Suppose $f_{\frac{1}{2}}(x)$ has been defined on the interval $[0,\epsilon]$. If $f_{\frac{1}{2}}(\epsilon)>\epsilon$, let $s$ be the solution to $f_{\frac{1}{2}}(s)=\epsilon$. Then $f_{\frac{1}{2}}'(\epsilon)$ can be determined from
$$
f_{\frac{1}{2}}'(\epsilon)=\frac{f'(s(\epsilon))}{f_\frac{1}{2}'(s(\epsilon))}.
$$
If instead $f_\frac{1}{2}(\epsilon)<\epsilon$, then
$$
f_{\frac{1}{2}}'(\epsilon)=\frac{f'(\epsilon)}{f_\frac{1}{2}'(f_\frac{1}{2}(\epsilon))}
$$

Hence, we may write
$$
f_\frac{1}{2}(x)=\int_0^xdt\bigg[\theta(t-f_\frac{1}{2}(t))\frac{f'(t)}{f_\frac{1}{2}'(f_\frac{1}{2}(t))}+\theta(f_\frac{1}{2}(t)-t)\frac{f'(f_{-\frac{1}{2}}(t))}{f_\frac{1}{2}'(f_{-\frac{1}{2}}(t))}\bigg]
$$
where $f_{-\frac{1}{2}}(x)$ is the inverse of $f_{\frac{1}{2}}$, or
$$
f_\frac{1}{2}(x)=\int_0^xdt\bigg[\frac{f'(\min(t,f_{-\frac{1}{2}}(t)))}{f_\frac{1}{2}'(\min(f_\frac{1}{2}(t),f_{-\frac{1}{2}}(t)))}\bigg]
$$
and so $f_\frac{1}{2}(x)$ is uniquely defined on $G_+$.

 

[fresh_42]

@Couchyam Sorry, if this is too stupid for you. But could you explain what you did for us rusty readers?
I follow you until the epsilontic starts with "Suppose". My questions are:

What is the idea behind the construction, esp. why distinguish the two cases and where does the asymmetry in $s$ come from?

Where do we get the existence of $f_{\frac{1}{2}}$ from, since you start with the necessary condition?

How does uniqueness follow from a recursive construction? My guess is $f_{\frac{1}{2}}(x) = \lim_{\varepsilon \to x} \displaystyle{\int_0^\varepsilon} \ldots dt$ but we don't know anything about $f_{-\frac{1}{2}}$ on $[0,\varepsilon]$.

Edit: I tried to follow your argumentation on $f(x)=4x^3-6x^2+3x \in G_+$.

 

[Couchyam]

36, 37

I follow you until the epsilontic starts with "Suppose". My questions are:

What is the idea behind the construction, esp. why distinguish the two cases and where does the asymmetry in $s$ come from?

Where do we get the existence of $f_{\frac{1}{2}}$ from, since you start with the necessary condition?
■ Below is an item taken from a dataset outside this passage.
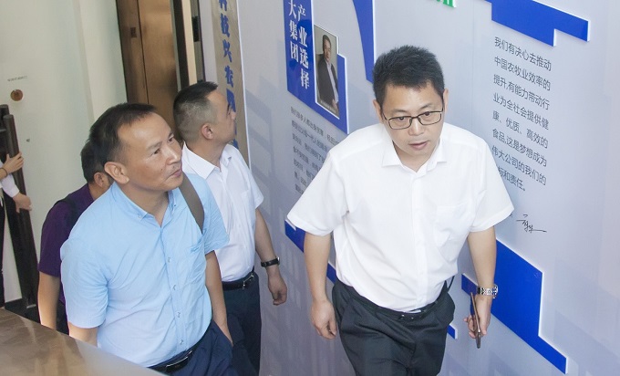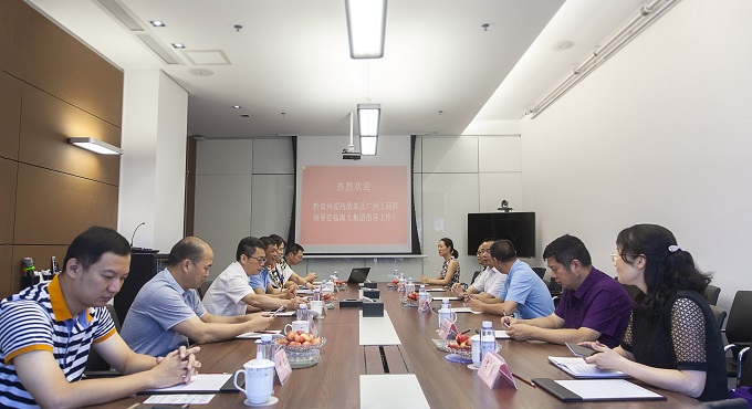 7月10日,中共黔南州委统战部常务副部长陈良海同州工商联主席邵其岷、州委统战部副部长吉永忠等一行领导在广州市工商联党组副书记尹宏亮等成员陪同下莅临海大集团参观考察,在荣誉墙前驻足良久,对海大取得的成绩赞不绝口,集团副总裁陈明忠、助理副总裁柴琰、总裁办副主任孙明华与到访领导进行了交流。

How does uniqueness follow from a recursive construction? My guess is $f_{\frac{1}{2}}(x) = \lim_{\varepsilon \to x} \displaystyle{\int_0^\varepsilon} \ldots dt$ but we don't know anything about $f_{-\frac{1}{2}}$ on $[0,\varepsilon]$.

Edit: I tried to follow your argumentation on $f(x)=4x^3-6x^2+3x \in G_+$.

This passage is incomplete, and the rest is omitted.